Wednesday, August 08, 2007

Memo to Bob Murray: Shut Your Yap Hole

When TV camera crews and reporters beat a path to your door, it’s usually not because you just won a big lottery prize or landed in the Guinness Book of Records.

It's because something really bad has happened, and that’s why we're having to put up with a right-wing blowhard by the name of Robert Murray these days.

Murray is the owner of the mine in Crandall Canyon, Utah, where six men are trapped.

Three of the miners happen to be Mexicans, but this hasn’t stopped the feckless Murray from raving about furriners and threats to American jobs and how the government won't stay off his butt about safety concerns and how global warming is going to kill his business and how people on fixed incomes won't be able to stay warm and how blasting in the mine couldn't possibly have triggered the earthquake that trapped the miners and . . .. . .
Said the Salt Lake Tribune:
"Crisis management and public relations authorities criticized Murray's performance as 'callous,' 'damaging' and 'not very helpful' to the families of the six miners trapped underground.

" 'The families of the six trapped miners are deeply worried about the welfare of their loved ones. They need and have a right to the most credible, objective, and up-to-date information available about the status of the rescue effort'," said Rep. George Miller, D-Calif., chairman of the House labor committee. 'The news conference held this morning at the mine did not meet this standard'."
After the Sago mine disaster in West Virginia, where confusing and contradictory information was given to families and the press, Congress passed a law requiring a Mine Safety and Health Administration official to handle communications with the families, press and public, but Murray was back in front of the microphone last night.

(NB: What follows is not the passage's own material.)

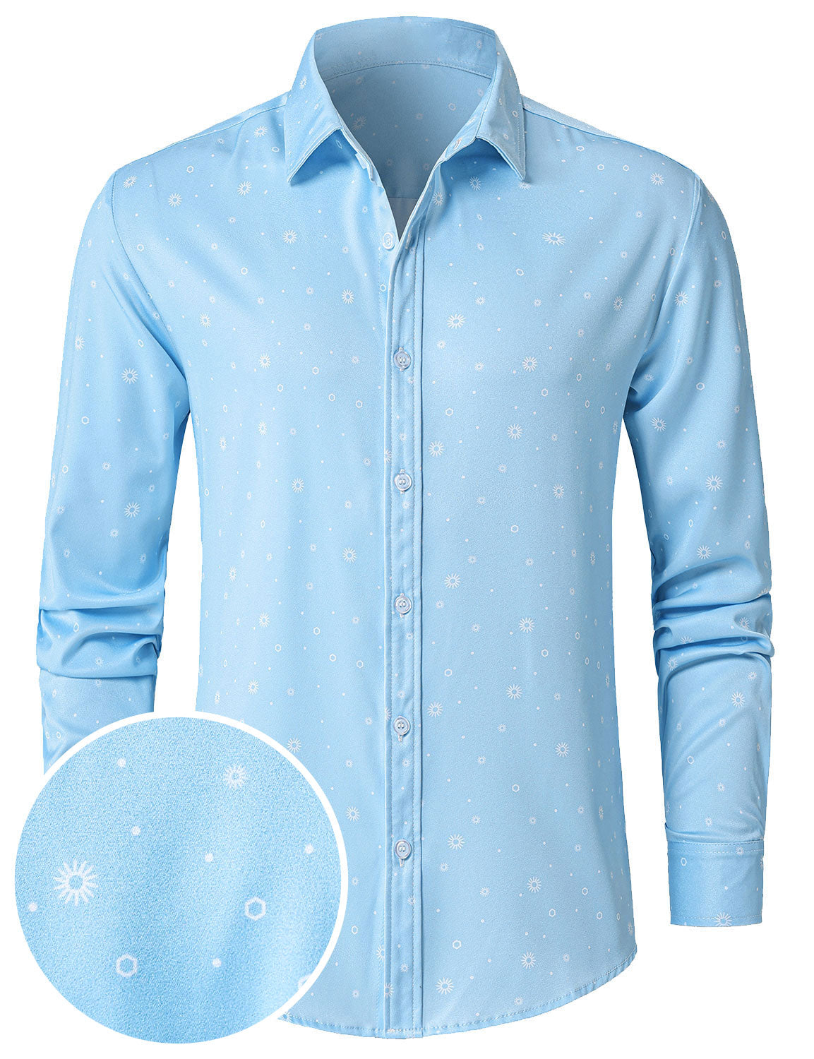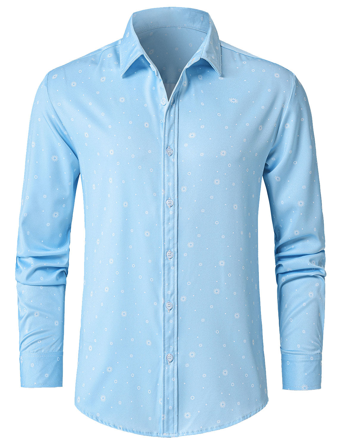 Herren Paisley-Blumenmuster Langarmhemd Blau

Said James Liukaszewski, a White Plains, N.Y., crisis management firm president:
"His behavior is the beginning of blame-shifting, which causes people to dislike business leaders and to distrust those who blame others for their problems."
Murray has owned mines in six states and also has a reputation for being a Scrooge.
After completing the purchase of the Utah mine last year, one of his first moves was to shut down a part of the operation, idling 114 workers less than two weeks before Christmas.